Her two most recent all-new albums, folklore and evermore, both surprises dropped in the midst of the Covid-19 pandemic, have told stories more than told about her own life. For example, folklore has the story of three hearts, told within the songs “august,” “betty,” and “cardigan.” Each of these three songs is told from the perspective of a different person. “betty” is from the perspective of a teenage boy named James, who cheated on his girlfriend Betty (her perspective is seen in “cardigan”), with a girl who’s never actually named but whom fans call Augustine, after the title of her song. Also within folklore and evermore, her “sister albums” as they’re called, she tells stories of two of her grandparents. “epiphany,” track 13 on folklore, “touches on her grandfather’s experience in the military.” On evermore, “marjorie,” also the 13th track, is a tribute to Swift’s late grandmother, an opera singer whose vocals are featured in the background of the song. It’s theorized that “marjorie” may also be an allusion to the story of Marjorie West, a young girl who disappeared in Pennsylvania, Swift’s home state. West’s sister Dorothea was the last person to see her before she disappeared, and evermore contains another track called “dorothea.” “dorothea” also has a companion track titled “‘tis the damn season,” bringing up Dorothea’s return home after being in Hollywood. evermore and folklore both focus more on telling other people’s and made up stories than Swift’s own, which is a fairly drastic change from all of her earlier albums.

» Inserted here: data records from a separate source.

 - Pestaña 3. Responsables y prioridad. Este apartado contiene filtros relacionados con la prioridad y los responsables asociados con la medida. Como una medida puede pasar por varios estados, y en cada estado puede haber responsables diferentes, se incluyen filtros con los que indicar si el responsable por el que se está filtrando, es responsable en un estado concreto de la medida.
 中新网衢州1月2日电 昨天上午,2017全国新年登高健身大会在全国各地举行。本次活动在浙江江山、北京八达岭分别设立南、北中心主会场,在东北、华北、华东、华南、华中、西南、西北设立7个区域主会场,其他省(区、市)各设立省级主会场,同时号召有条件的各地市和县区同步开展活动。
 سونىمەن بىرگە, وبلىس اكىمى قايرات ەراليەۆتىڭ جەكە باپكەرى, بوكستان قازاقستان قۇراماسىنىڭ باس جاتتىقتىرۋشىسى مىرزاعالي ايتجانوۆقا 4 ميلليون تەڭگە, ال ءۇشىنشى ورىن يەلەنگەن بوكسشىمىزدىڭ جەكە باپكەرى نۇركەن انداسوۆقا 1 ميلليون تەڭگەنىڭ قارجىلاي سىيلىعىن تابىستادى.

Swift has won 3 Grammy Album of the Year awards, one in each genre she’s released an album with. She’s had eight Billboard number ones and 25 Billboard Music Awards, which is the most for any female artist. She has 34 American Music Awards (AMAs), which is the most for any artist. She was 8th on Billboard’s Greatest of All-Time Artists List in 2019 and was named the Woman of the Decade (the 2010s) also by Billboard. The AMAs declared her the Artist of the Decade (the 2010s) as well. Swift has released a documentary, Miss Americana, and directed two films, Folklore: The Long Pond Studio Sessions and All Too Well: The Short Film

Throughout her 16 year career so far, she’s released nine albums and two rerecordings, films, acted in multiple films as well and won numerous awards. From her country roots in Taylor Swift to Fearless’s slightly poppier but still, country sound, Speak Now’s a challenge to herself to write all the songs herself, and Red’s “Sad, Beautiful, Tragic” nature, she’s country through and through. She leaves those country roots though, with her fifth album 1989, her first official foray into the land of pop, then continues on to reputation, coming after a three-year disappearance from the public eye, and then to her most recent pop album, Lover, the embodiment of all kinds of love. From Lover, she changes and evolves once again into folklore and evermore, which are more of an alternative rock sound. 

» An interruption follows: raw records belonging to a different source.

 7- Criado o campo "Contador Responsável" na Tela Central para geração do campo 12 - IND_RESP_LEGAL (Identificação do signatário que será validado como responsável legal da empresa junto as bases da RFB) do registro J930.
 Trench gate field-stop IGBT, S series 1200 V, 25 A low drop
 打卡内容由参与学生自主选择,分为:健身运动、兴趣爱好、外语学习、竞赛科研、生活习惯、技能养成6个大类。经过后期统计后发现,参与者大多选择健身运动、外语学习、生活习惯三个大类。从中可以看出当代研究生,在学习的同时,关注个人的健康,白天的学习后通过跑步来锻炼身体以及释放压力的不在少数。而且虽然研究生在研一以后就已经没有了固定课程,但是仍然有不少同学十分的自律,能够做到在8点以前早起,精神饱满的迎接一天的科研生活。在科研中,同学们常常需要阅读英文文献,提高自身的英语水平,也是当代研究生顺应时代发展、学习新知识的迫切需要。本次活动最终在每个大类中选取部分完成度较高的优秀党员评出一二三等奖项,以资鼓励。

Swift’s career has changed a lot throughout the time she’s been active in the music scene. Her evolution from her country roots to pop to alternative has changed the music industry as a whole, showing other artists that genre crossover is possible to succeed with. Swift’s changing mind and artistic nature show through in all of her songs and can change the way everything she speaks of is interpreted. So, “If one thing had been different/Would everything be different today?”